Еще не зная, что такое смерть, я не понимал, почему она там, предлагал немедленно раскопать могилку. Бабушка печально улыбнулась и, видимо, мне что-то объяснила. И я помню себя в своей детской кроватке вечером в этот же день или позднее. Я плачу, мама склонилась надо мной, спрашивает, что случилось. И я говорю: «Я боюсь, что ты умрешь». Мама успокаивает, говорит, что она никогда не умрет, находит какое-то объяснение этому. С тех пор мысли о смерти часто возвращались. Не помню, чтобы мне тогда приходило в голову примерить понятие смерти к самому себе. Тревожила возможность смерти близких. Но как-то удалось себя убедить, что к нашей семье, а тем более ко мне, смерть не может иметь отношения. Чем дальше, тем более рациональным становится это убеждение. Необыкновенное время – «время великих свершений» – способствует укреплению убеждения: скоро что-нибудь изобретут, и люди совсем не будут умирать. В старших классах школы в применении к себе уже соглашаюсь не на личное бессмертие, а на бессмертие своей славы, своих великих деяний. Почему-то именно в ранней юности мысли о смерти особенно часто тревожили. А уже в студенческие годы, или чуть позже, почти окончательно освободился от этой тревоги. Как-то удалось прийти к ощущению того, что моя будущая смерть не имеет никакого отношения к моей текущей жизни. Для этого надо было воспринять жизнь не как нечто целое, а как осознаваемый процесс. Я это понял, не зная, что об этом уже давно сказано Эпикуром (в письме Менекею): «…смерть для нас – ничто… Смерть не имеет к нам никакого отношения; когда мы есть, то смерти еще нет, а когда смерть наступает, то нас уже нет». Это отношение к смерти на самом деле довольно распространенное. Это, так сказать, народная мудрость. Все нерефлексирующие граждане из нее исходят. Но мне-то к этой мысли пришлось прийти как раз через рефлексию и рациональные рассуждения.

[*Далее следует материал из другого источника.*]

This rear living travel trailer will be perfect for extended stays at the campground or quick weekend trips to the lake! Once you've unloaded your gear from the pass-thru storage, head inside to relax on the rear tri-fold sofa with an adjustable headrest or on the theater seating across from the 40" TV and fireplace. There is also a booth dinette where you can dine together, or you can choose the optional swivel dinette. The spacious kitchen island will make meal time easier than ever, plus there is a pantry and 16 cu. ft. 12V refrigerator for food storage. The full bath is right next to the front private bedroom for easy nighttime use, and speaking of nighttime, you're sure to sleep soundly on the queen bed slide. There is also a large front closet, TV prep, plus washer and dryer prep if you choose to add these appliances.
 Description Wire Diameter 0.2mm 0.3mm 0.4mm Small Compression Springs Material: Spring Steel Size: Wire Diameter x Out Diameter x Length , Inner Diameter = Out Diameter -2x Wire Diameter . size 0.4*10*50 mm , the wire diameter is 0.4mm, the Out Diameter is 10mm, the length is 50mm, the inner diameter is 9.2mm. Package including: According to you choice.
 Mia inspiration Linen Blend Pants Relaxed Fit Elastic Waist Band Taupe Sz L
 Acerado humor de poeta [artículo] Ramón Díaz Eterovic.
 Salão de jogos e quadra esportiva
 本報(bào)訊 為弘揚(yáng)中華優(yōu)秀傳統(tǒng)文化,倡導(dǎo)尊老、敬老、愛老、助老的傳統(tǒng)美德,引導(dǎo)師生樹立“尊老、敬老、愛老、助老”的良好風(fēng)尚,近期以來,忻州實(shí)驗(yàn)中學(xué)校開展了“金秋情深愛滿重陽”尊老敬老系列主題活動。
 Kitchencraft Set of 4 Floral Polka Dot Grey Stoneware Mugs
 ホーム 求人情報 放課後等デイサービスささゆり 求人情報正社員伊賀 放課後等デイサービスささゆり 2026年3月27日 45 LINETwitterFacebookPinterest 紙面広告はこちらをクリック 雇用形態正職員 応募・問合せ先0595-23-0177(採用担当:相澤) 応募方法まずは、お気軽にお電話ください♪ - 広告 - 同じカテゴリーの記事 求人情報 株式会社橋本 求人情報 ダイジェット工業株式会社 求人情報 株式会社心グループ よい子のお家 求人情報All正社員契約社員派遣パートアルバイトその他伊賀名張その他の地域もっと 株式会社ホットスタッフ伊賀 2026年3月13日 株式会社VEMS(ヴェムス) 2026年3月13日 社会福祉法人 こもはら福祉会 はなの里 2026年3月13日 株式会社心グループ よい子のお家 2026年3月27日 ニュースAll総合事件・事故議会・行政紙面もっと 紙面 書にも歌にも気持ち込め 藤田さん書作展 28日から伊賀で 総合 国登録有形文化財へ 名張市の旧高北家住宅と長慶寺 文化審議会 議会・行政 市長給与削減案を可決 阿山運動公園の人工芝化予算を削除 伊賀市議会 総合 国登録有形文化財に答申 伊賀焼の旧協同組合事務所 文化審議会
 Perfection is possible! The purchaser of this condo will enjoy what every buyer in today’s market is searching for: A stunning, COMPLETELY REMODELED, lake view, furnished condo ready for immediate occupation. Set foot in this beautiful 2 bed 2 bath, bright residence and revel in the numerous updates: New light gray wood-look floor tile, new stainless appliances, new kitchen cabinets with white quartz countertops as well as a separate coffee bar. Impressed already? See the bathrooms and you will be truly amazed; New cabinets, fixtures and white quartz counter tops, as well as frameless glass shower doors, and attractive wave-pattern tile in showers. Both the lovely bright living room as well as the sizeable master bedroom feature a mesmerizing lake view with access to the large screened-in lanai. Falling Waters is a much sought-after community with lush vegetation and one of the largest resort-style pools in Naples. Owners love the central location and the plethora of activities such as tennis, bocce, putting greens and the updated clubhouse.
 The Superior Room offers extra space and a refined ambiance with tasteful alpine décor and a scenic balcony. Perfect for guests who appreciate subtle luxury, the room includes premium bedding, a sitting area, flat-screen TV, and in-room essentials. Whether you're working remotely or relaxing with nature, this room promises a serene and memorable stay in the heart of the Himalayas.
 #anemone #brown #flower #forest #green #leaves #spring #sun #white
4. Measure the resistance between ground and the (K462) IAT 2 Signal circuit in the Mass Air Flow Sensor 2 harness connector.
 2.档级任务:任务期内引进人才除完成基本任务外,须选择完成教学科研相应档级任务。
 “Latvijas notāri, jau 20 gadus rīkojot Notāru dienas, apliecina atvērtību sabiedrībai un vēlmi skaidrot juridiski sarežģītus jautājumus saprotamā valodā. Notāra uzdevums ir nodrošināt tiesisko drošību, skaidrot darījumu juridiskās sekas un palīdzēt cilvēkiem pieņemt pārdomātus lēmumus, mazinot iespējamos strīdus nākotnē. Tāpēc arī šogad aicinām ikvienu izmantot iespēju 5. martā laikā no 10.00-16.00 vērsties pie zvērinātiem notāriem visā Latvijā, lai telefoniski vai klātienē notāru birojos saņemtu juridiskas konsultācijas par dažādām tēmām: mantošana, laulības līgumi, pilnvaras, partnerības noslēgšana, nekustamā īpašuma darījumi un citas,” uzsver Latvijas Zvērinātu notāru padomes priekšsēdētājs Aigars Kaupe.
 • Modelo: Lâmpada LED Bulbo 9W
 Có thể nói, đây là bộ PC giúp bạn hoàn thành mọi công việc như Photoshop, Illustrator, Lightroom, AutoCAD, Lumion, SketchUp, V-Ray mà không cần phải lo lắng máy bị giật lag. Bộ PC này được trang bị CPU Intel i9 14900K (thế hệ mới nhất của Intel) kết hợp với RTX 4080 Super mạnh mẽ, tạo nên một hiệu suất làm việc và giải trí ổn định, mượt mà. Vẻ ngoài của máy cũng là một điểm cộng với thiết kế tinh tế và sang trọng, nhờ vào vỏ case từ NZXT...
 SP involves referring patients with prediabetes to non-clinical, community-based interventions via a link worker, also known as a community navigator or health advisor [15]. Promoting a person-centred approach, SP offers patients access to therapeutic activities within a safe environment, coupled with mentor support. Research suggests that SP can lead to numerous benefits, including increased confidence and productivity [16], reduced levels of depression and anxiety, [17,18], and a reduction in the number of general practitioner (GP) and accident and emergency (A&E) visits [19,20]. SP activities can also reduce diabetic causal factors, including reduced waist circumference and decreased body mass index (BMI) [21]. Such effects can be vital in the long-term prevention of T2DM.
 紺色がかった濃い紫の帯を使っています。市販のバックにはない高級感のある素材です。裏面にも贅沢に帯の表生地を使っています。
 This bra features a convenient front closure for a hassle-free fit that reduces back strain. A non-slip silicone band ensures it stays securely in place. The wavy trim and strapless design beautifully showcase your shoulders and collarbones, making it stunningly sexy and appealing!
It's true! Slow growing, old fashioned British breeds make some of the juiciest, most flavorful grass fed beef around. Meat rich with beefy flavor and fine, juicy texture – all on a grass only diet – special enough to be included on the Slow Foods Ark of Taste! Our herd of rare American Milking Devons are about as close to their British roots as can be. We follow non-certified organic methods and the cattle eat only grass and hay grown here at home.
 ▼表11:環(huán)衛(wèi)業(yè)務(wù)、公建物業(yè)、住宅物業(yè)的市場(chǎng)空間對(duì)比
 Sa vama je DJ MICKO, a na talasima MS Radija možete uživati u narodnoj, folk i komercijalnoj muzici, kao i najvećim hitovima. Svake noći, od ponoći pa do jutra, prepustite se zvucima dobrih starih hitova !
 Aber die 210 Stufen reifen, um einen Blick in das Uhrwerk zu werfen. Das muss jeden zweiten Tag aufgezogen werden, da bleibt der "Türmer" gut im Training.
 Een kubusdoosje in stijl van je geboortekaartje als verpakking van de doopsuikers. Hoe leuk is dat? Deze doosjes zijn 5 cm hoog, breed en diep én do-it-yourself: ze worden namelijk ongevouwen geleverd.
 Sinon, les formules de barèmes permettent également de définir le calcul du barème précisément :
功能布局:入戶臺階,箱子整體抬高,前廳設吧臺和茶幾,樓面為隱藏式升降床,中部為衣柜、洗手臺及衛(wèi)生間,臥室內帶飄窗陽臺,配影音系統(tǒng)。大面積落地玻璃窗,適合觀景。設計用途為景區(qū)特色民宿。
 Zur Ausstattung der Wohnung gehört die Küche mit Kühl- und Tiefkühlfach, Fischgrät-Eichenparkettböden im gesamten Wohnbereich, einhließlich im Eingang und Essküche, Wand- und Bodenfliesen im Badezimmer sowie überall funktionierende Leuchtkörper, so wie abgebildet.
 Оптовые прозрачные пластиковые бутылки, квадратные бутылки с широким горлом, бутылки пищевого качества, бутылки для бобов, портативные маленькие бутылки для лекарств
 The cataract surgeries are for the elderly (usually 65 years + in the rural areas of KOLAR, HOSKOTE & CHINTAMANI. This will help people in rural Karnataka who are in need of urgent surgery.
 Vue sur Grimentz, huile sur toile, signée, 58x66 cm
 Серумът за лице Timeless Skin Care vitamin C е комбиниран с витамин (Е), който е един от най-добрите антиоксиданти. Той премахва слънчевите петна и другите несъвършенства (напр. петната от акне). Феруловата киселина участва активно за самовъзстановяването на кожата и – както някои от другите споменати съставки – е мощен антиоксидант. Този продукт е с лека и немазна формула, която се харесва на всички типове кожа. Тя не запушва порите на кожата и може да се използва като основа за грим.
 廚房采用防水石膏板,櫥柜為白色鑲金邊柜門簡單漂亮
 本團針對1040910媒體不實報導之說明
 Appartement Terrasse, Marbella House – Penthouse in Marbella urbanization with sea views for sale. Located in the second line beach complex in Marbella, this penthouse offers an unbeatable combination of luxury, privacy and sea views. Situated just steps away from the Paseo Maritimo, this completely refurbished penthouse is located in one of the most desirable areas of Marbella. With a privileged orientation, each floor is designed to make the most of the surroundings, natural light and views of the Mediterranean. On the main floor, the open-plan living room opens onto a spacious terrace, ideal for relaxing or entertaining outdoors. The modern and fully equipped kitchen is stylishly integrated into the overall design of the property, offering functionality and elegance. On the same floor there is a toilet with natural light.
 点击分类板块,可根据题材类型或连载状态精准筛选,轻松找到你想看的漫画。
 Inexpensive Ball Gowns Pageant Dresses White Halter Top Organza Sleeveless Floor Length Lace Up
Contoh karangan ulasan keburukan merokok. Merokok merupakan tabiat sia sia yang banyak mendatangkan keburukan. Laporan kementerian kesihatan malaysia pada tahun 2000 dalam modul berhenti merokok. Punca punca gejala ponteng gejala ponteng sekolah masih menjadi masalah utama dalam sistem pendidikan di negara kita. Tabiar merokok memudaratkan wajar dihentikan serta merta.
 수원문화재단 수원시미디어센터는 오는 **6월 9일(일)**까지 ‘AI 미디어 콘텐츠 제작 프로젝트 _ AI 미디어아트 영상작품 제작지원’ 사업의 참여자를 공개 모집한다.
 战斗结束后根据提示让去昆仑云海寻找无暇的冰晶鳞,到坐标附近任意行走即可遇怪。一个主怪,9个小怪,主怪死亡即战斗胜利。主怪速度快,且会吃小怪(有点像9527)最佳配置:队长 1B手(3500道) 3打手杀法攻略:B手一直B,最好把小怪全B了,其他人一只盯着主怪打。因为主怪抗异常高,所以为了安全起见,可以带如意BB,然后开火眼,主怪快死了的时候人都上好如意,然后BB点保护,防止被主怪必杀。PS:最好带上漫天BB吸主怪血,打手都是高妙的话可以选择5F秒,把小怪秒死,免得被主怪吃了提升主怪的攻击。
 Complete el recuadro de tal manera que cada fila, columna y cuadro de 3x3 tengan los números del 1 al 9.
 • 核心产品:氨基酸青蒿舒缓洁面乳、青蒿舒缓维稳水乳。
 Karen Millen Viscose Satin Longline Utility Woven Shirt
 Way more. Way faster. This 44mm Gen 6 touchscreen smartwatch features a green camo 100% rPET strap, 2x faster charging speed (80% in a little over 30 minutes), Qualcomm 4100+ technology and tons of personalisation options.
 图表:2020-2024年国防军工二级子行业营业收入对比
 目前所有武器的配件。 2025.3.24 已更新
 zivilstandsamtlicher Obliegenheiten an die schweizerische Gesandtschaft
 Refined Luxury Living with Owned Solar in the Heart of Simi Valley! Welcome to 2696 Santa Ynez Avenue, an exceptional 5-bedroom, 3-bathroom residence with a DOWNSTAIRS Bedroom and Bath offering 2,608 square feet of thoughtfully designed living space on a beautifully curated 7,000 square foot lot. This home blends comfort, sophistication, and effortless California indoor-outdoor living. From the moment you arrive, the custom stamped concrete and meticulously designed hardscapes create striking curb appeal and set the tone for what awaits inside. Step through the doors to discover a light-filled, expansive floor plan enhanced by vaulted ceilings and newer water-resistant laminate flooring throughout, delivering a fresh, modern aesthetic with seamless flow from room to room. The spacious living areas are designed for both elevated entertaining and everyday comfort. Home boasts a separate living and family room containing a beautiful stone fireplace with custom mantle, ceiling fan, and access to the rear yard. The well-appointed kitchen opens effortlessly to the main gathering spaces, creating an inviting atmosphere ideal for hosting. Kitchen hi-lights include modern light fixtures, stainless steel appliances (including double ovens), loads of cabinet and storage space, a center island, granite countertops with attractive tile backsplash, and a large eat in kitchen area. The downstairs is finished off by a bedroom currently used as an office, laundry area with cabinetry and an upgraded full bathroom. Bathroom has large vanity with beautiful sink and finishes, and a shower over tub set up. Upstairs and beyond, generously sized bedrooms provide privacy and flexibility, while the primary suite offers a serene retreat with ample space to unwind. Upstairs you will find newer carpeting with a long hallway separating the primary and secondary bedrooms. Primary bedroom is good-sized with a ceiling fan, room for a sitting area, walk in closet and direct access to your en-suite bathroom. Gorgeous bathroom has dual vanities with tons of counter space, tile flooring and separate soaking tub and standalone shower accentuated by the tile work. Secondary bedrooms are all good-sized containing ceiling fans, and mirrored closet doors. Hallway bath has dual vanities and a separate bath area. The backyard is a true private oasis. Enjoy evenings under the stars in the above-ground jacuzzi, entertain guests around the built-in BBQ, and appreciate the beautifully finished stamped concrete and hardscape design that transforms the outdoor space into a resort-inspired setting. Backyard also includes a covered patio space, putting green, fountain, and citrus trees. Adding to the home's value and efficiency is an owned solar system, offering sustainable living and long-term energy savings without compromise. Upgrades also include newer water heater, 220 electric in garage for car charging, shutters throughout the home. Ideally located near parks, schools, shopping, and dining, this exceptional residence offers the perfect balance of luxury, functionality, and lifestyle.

Теперь мне надо вернуться к тете Нине. В этом месте в моих более ранних записках, на основании которых я все это пишу, идет пространное отступление по поводу особенности литературы как одномерного искусства, в отличие от живописи, театра, кино, а также, быть может, в отличие от природы нашей памяти и наших мыслительных процессов. Мысль, в общем-то, достаточно простая: текст в любой книге упорядочен линейно, вытянут в линию от начала до конца, и писатель, а за ним и читатель, поневоле дисциплинированно движутся в одну сторону. И если с какого-то момента судьбы двух героев расходятся, а писателю надо рассказать о каждом из них, то из-за одномерности любого повествования и такой же одномерности нашего восприятия текстовой информации приходится разрывать на кусочки описание одновременно происходящих событий и вытягивать в линию.1
Меня одно время очень занимал вопрос, является ли само наше восприятие, вернее, осознанное восприятие одномерным по своей природе. Иначе говоря, бывают ли Юлии Цезари, или же способность осознанного параллельного восприятия и переработки информации сразу из нескольких источников является иллюзией. А на самом деле тут происходит просто быстрое переключение от одного источника к другому. Я подозреваю, что это так, что в нас есть только один центр осознания восприятия в данный момент. Это вообще-то вполне естественнонаучный вопрос, на который, в конце концов, можно ответить. Я в студенческие годы даже пытался ставить вместе со своими соседями по общежитию какие-то эксперименты на эту тему.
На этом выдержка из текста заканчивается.